Tom Clune from Goddard's NCCS tracked this to some array alignment problem. Here is his reproducer.

cat tester.F90

! Demonstrates problem in the Intel compilers -xP flag.
! Different results depending on location on cache line.

program vectorProblem

integer, parameter :: n = 100000
integer, parameter :: pad = 63
real(kind=4), allocatable :: x(:), y(:)
real(kind=4) :: s
integer :: i, offset

allocate(x(n+pad), y(n))
call random_number(y)
y = y - sum(y)/n

do offset = 0, pad
x(offset:offset+n-1) = y
print*, offset, sum(x(offset+1:offset+n))
end do

end program vectorProblem

Some description from Tom

Note that I'm not getting
variation from run-to-run, but rather have arranged to perform the
same sum with arrays that start at different locations in cache. If
you take out the -xP, each offset gets the same answer.
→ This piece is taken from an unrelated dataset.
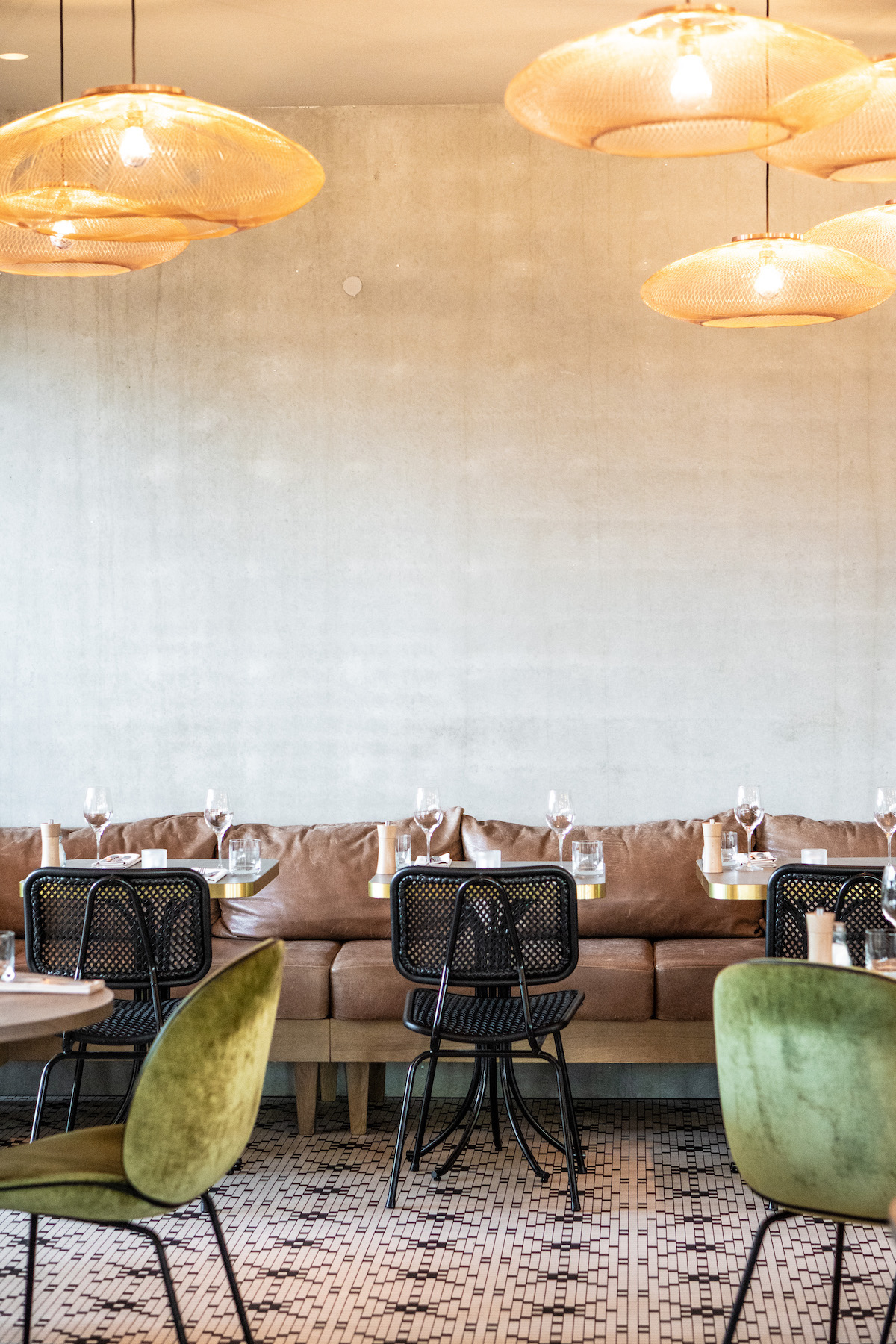 Het ziet er prachtig uit en ook het interieur van het restaurant is om door een ringetje te halen. Er zijn fijne banken waar je lekker op kunt neerploffen, stoeltjes in zachtgroen velours en houten tafeltjes met gouden metalen randen. Ja: hier zit je lekker.

Typical output without -xP
0 0.6851280
1 0.6851280
2 0.6851280
3 0.6851280
4 0.6851280

typical output with -xP

0 0.4706955
1 0.4706761
2 0.4706561
3 0.4706792
4 0.4706955

Dan

jespersen · ‎02-14-2008

Ron Green of Intel sent e-mail which I believe explains everything.
He said

... typically this is due to alignment of data.
What happens is that the SSE vectorization must have 16word alignment.
SO if your arrays start at an exact boundary and end at an exact
16word boundary, the entire vector/matrix is processed in the SSE
hardware. If the array starts before a 16word boundary or ends after
a boundary, those elements are processed serially in the X87 hardware.
There are slightly different FP semantics between the two. The crux
of the matter is that dynamic allocated data structures are not
guaranteed to be on 16word boundaries. Thus, from run to run your
dynamic data will have differing alignments, hence different FP
hardware handling the data preceding and following your 16-word
aligned vectorized data structures.

Very clear. Thanks, Ron.

TimP · ‎02-14-2008

A portable method for getting 16-byte aligned data is needed, and we've been told it was the default for the 64-bit platform. Clearly, it's not the default for 32-bit OS.
Fixing this will not make the serial result the same as the vector result, but it would avoid the non-repeatability.